Wednesday, February 20, 2008

Multi-Grain Sourdough Bread With Sunflower Seeds

I'm still experimenting with sourdough starter. When I fed the starter last night before bed I didn't realise that I would wake this morning feeling like my lungs were being pulled out through my ribcage. That was unpleasant. Kneading dough was really the last thing I felt like doing today and I ended up letting the sponge ferment much longer than usual (so I could do other important things like sleep). This worked out well. I also improvised the ingredients adding a cup of whole-wheat flour and ¾ cup rye flour. I had my First Clear flour on the counter but realised I didn't need it. I don't know why I added the sunflower seeds other than I'd seen it somewhere else and in my flu-induced stupour it seemed like a good idea. Thankfully, they didn't burn. I suppose the addition of seeds will reduce the shelf-life of the bread though as I've pointed out previously, sourdough doesn't get a chance to go stale in our house.

You Will Need:

1 cup fed starter
3 cups all-purpose flour
1-tablespoon salt
1-tablespoon sugar
1-cup whole-wheat flour
¾ cup rye flour
Additional all-purpose or first clear flour if needed
1-2 cups sunflower seeds

In a large bowl combine the fed starter with 3 cups all-purpose flour. Let sit six hours covered lightly with plastic.

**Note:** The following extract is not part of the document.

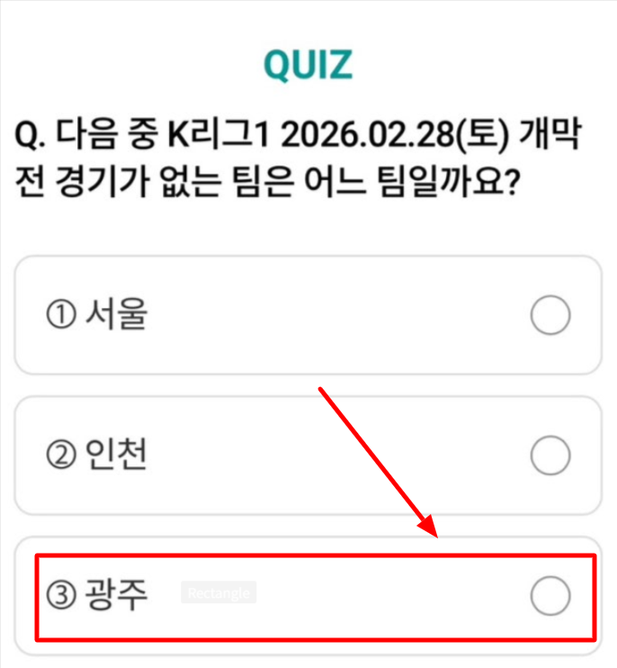 결론부터 말씀드리면, 2월 7일 하나원큐 축구퀴즈의 정답은 광주였습니다. 이는 단순 추측이 아니라, 실제 개막전 일정 편성 여부를 기준으로 확인한 결과입니다. 서울, 인천, 김천은 모두 해당 날짜에 개막전이 예정되어 있었지만, 광주는 2월 28일 일정에서 제외되어 있었습니다. 따라서 문제에서 요구한 ‘개막전 경기가 없는 팀’이라는 조건에 정확히 부합합니다.

Stir in the salt and sugar. Add the whole-wheat flour and rye flour and as much all-purpose as needed though you'll want to keep the dough rather wet if not sticky. It will firm up as you knead.

Because of the rye flour it will take a bit of work to really develop the gluten properly. I ended up kneading (and slapping and generally tossing it about) for close to twenty minutes.

Place in a lightly covered bowl until doubled-about 3 hours.

Divide dough in two and shape into loaves. Try not to over-work the dough. Toss a baking sheet generously with cornmeal and place the loaves on it. Lightly spray or brush the loaves with water and cover with sunflower seeds (use your hands to firmly stick seeds to the sides. Use more than you think you'll need, as a good number of them will fall off as the loaves rise).

Cover loaves lightly and set in a warm spot to rise-about two hours.

Preheat oven to 425 degrees F. If using a pan to create steam, preheat it in oven bottom.

Use whatever method you prefer to create steam. Slash loaves and load the sheet into the oven. Bake twenty minutes. Rotate sheet and bake another ten or until deep golden brown and hollow, or bread reaches an internal temperature of around 200 degrees F.

Cool completely on racks before slicing.